**What needs to be done**
In the entries below, which lines run from the one containing "Laden Sie das" to the one containing "サマーニット レディース キャミソール"? Copy exactly those lines, ends included, and no others.

**Supplied material**
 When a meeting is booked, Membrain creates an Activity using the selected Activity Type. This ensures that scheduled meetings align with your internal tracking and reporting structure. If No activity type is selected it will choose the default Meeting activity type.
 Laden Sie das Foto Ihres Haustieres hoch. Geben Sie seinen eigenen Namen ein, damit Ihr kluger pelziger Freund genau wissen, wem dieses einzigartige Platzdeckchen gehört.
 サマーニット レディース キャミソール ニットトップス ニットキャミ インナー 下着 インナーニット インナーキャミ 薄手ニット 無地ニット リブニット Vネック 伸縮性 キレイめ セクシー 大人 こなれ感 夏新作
==
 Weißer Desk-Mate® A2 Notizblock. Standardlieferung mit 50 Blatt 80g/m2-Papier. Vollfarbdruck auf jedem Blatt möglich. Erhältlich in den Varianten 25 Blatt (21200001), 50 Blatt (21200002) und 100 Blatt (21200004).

**Solution for this problem**
 Laden Sie das Foto Ihres Haustieres hoch. Geben Sie seinen eigenen Namen ein, damit Ihr kluger pelziger Freund genau wissen, wem dieses einzigartige Platzdeckchen gehört.
 サマーニット レディース キャミソール ニットトップス ニットキャミ インナー 下着 インナーニット インナーキャミ 薄手ニット 無地ニット リブニット Vネック 伸縮性 キレイめ セクシー 大人 こなれ感 夏新作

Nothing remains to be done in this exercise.